Data extracts
:::::

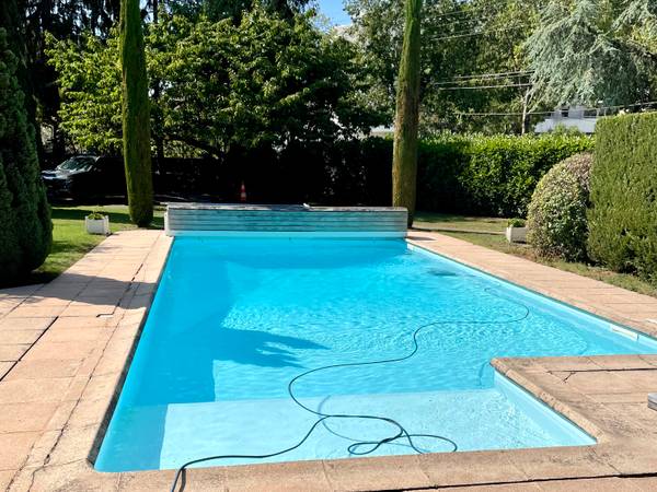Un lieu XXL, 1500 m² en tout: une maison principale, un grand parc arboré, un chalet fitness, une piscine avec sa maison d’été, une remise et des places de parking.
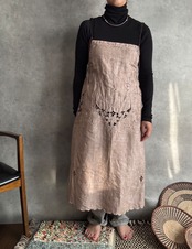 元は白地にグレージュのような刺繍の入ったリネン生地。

:::::

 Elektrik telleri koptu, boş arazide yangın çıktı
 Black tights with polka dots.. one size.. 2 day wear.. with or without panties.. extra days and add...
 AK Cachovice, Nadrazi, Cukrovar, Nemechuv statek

:::::

Assignment
In the entries above, find the line with "Un lieu XXL, 1500" and the line with "元は白地にグレージュのような刺繍の入ったリネン生地。". Return exactly those lines and all the ones between them, pictures excluded.

Task result
Un lieu XXL, 1500 m² en tout: une maison principale, un grand parc arboré, un chalet fitness, une piscine avec sa maison d’été, une remise et des places de parking.
 元は白地にグレージュのような刺繍の入ったリネン生地。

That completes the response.